実は、これを上手に設計することで、会社の節税と人材定着の両方を叶えることができます。
その鍵となるのが「確定給付企業年金(DB:Defined Benefit Plan)」です。
福利厚生の強化だけでなく、損金算入による節税効果も大きい注目の制度です。
☆確定給付企業年金とは?
確定給付企業年金とは、「将来支給する年金額(または退職金額)」をあらかじめ約束し、その給付原資を会社が毎年拠出する制度です。
簡単に言えば、「会社が社員のために積み立て、退職時に安定した給付を保証する仕組み」です。

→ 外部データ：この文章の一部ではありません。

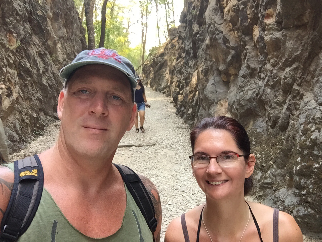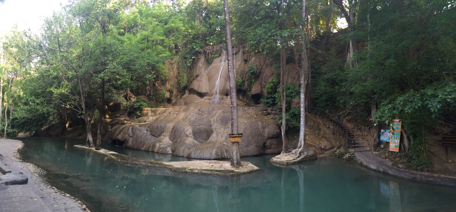 Zu erst ging es zum Wasserfall Sai Yok Noi in Nam Tok, der wie üblich in Thailand, kein Wasser hat. Diese Fahrt hat eine Stunde gedauert.

社員にとっては老後の安心、会社にとっては節税効果のある将来準備金―まさにWin-Winの制度です。
☆節税の仕組み
確定給付企業年金の最大の特徴は、会社が拠出する掛金を全額損金算入できる点です。
たとえば、毎年500万円を年金資産として拠出した場合、この500万円は当期の経費として計上され、課税所得を減らすことができます。
法人税率を30%とすれば、年間150万円の節税効果です。
しかも、掛金は「退職金の事前積立金」として扱われるため、将来の大きな退職金支払いに備えて資金を平準化できるという経営上のメリットもあります。
☆企業年金のタイプと導入の流れ
確定給付企業年金には主に2タイプがあります。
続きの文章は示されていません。